» **About this exercise**
The lines from the one containing "- Block E –" through the last one in the data: please copy those exactly, and only those, without the pictures.

(Data excerpts)
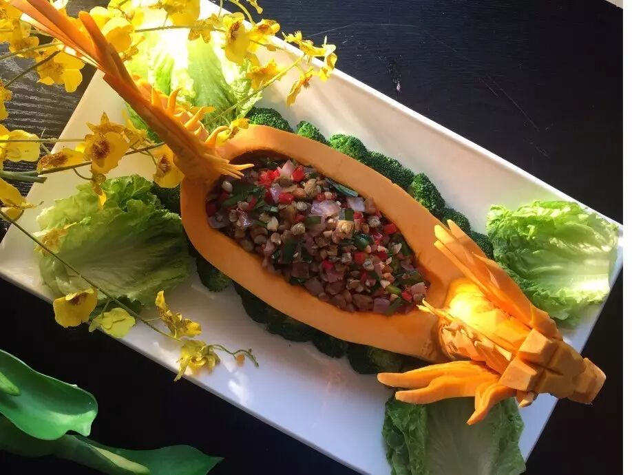 这道龙舟什锦肉光是原料就得准备至少8种,材料十足,营养丰富,色彩诱人,味香可口。精致而特别的造型秒杀不少手机内存。
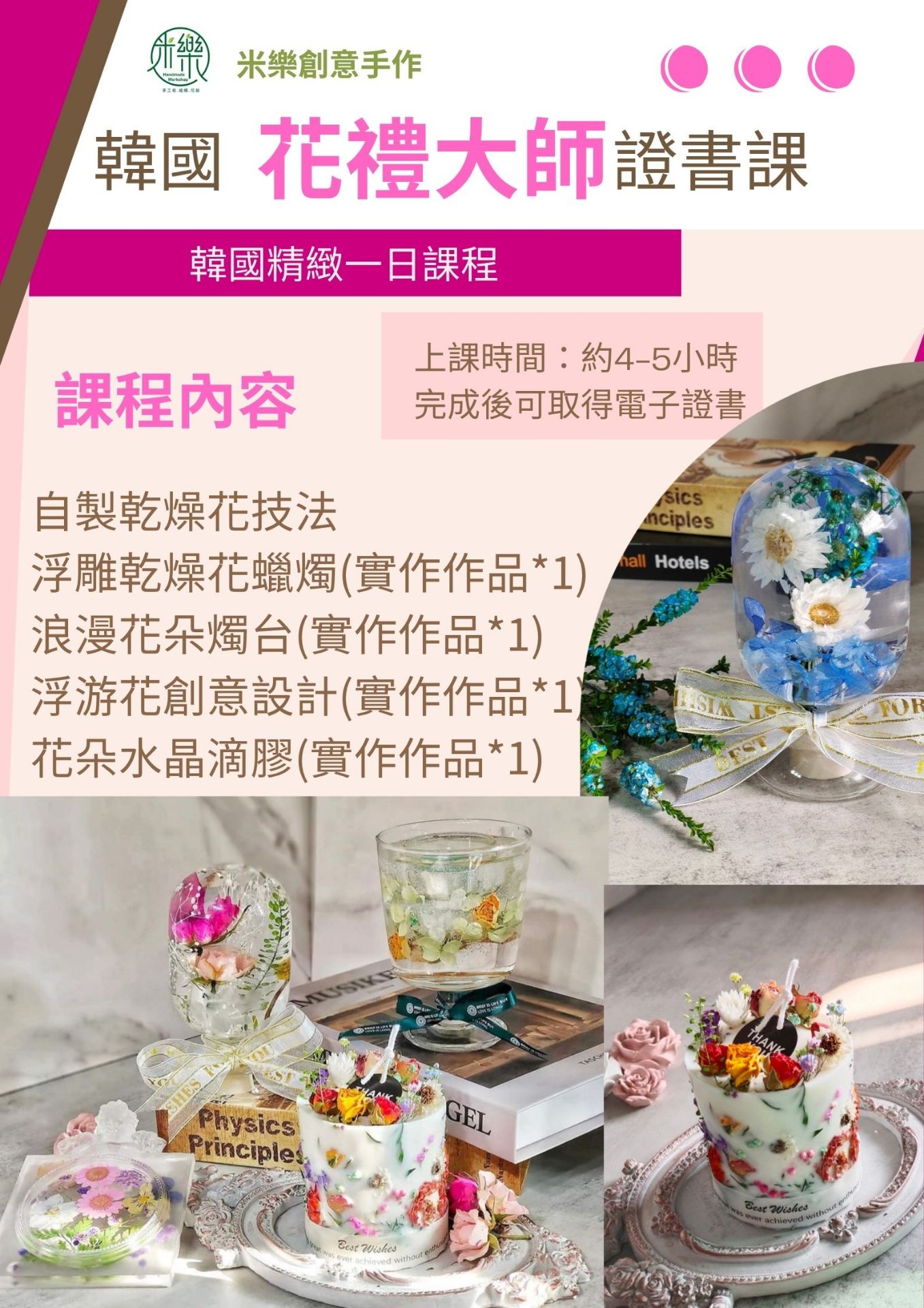 花兒給人的感覺總是充滿幸福與浪漫,這系列課程設計,讓你掌握多種花禮物的技能應用,還能習得自製花材並將新鮮的花朵,製作成漂亮的乾燥花,讓花兒帶給自己與身邊的人都幸福快樂呦。
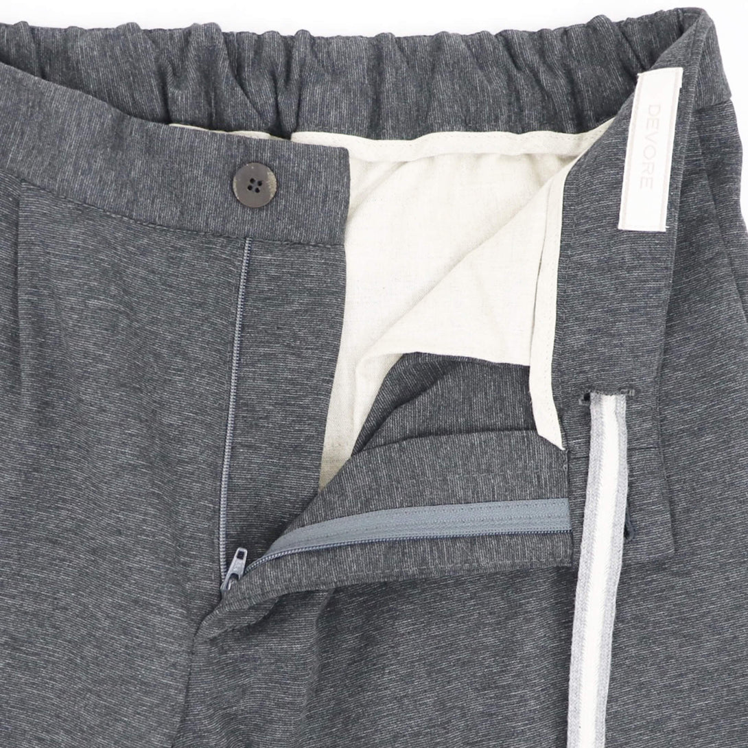 24F/WのDEVORE(デヴォレ)。ジャージー素材の新作パンツの登場です。ウエスト部分にドローストリングスと背面部分にゴムを仕込み、腰回りにゆとりを持たせ、自然なテーパードが魅力の細身モデル。
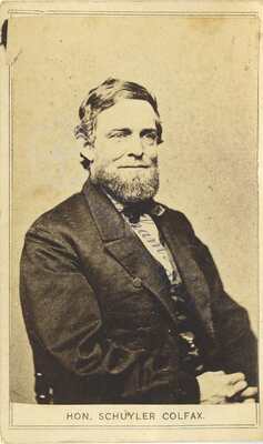 A carte-de-visite card of Schuyler Colfax, 1823-1885, an American businessman and politician. Colfax was the 17th vice president of the United States.
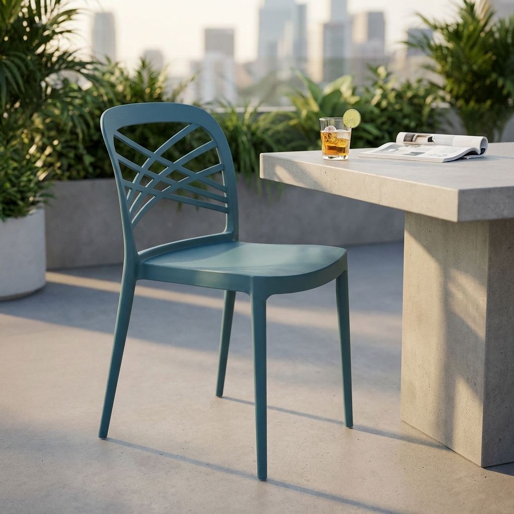Questa sedia impilabile in polipropilene è la soluzione ideale per arredare con eleganza e funzionalità. Lo schienale con intreccio geometrico dona un tocco distintivo ela struttura leggera ma resistente la rende perfetta per uso interno ed esterno. Disponibile in vari colori
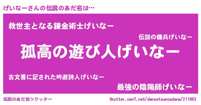 | 女子向けラノベタイトル風あだ名 | 『げいなーは平凡を望む』 |
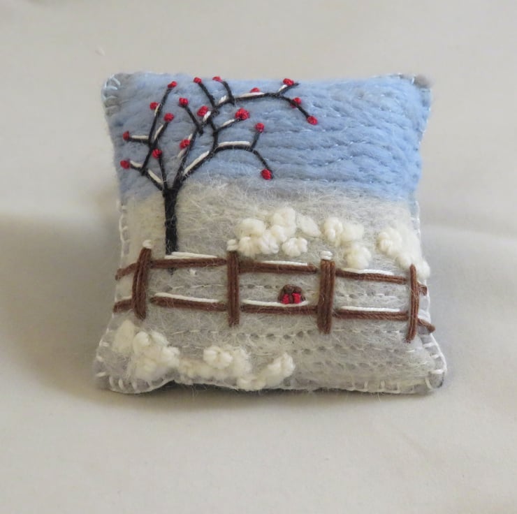 A pretty, felted and embroidered snowy winter design decorates this pincushion.
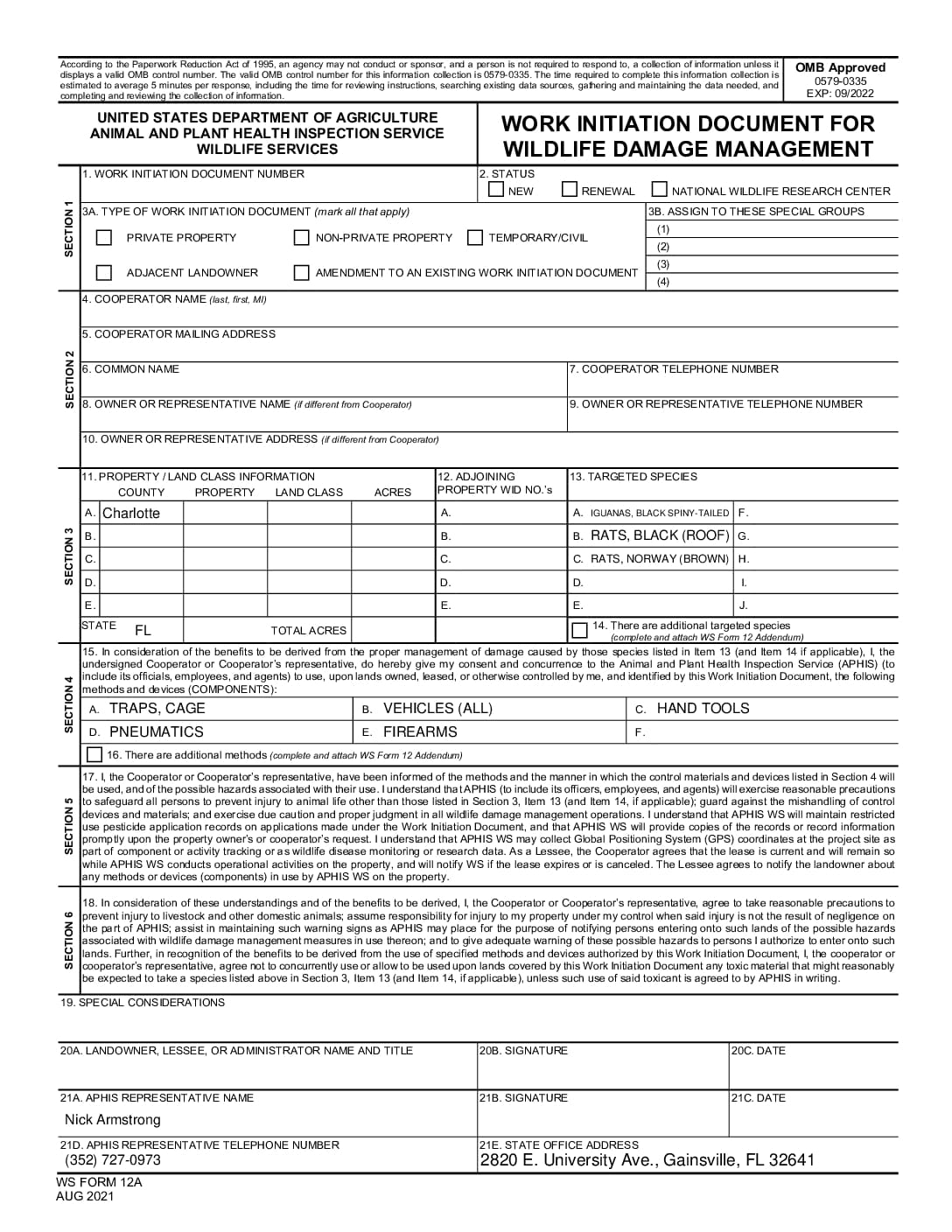 - Block E – Firearms = This is a means of dispatching iguanas that are outside of the traps. The rifle used is a 22-caliber rifle shooting a snake shot. The average range is approximately 10-15 yds.
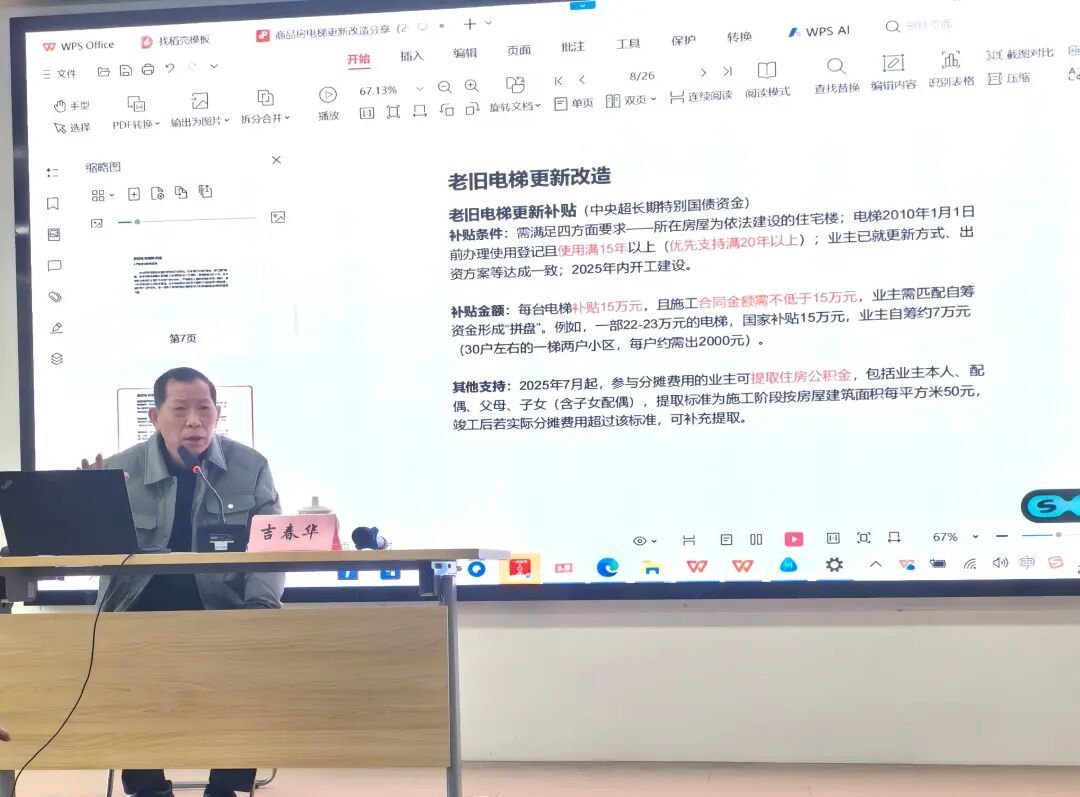 本次培训聚焦住宅小区电梯维修、更新与改造实务,特邀资深业委会主任吉春华担任主讲。凭借丰富的实践经验,吉春华系统解读了《关于进一步加强既有住宅电梯使用安全管理工作的实施方案》等政策文件,详细阐述了电梯安全评估制度、更新改造流程及经费保障政策。
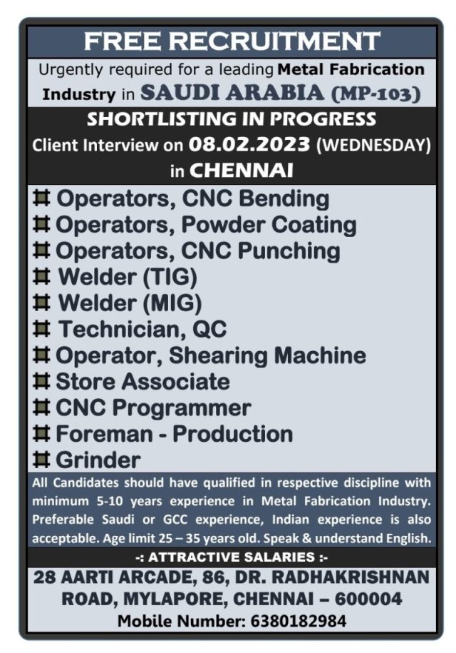 Free recruitment to Saudi arabia - Metal Fabrication Industry
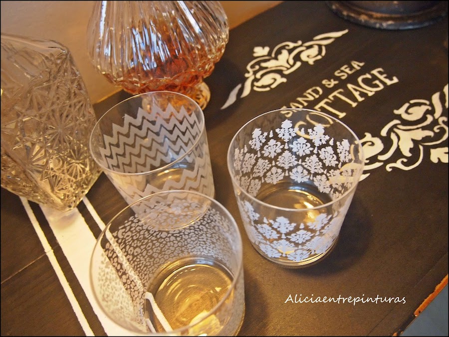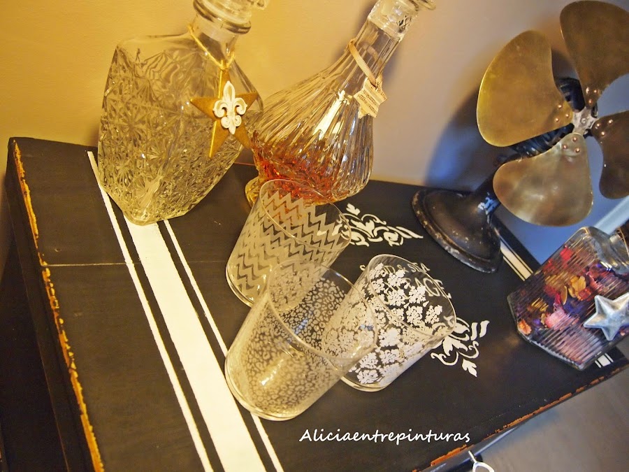 Como veis solo han variado las plantillas utilizadas. Fondo negro con pintura al agua mate y decorado con estarcido en blanco.

» **Answer section**
 - Block E – Firearms = This is a means of dispatching iguanas that are outside of the traps. The rifle used is a 22-caliber rifle shooting a snake shot. The average range is approximately 10-15 yds.
 本次培训聚焦住宅小区电梯维修、更新与改造实务,特邀资深业委会主任吉春华担任主讲。凭借丰富的实践经验,吉春华系统解读了《关于进一步加强既有住宅电梯使用安全管理工作的实施方案》等政策文件,详细阐述了电梯安全评估制度、更新改造流程及经费保障政策。
 Free recruitment to Saudi arabia - Metal Fabrication Industry
 Como veis solo han variado las plantillas utilizadas. Fondo negro con pintura al agua mate y decorado con estarcido en blanco.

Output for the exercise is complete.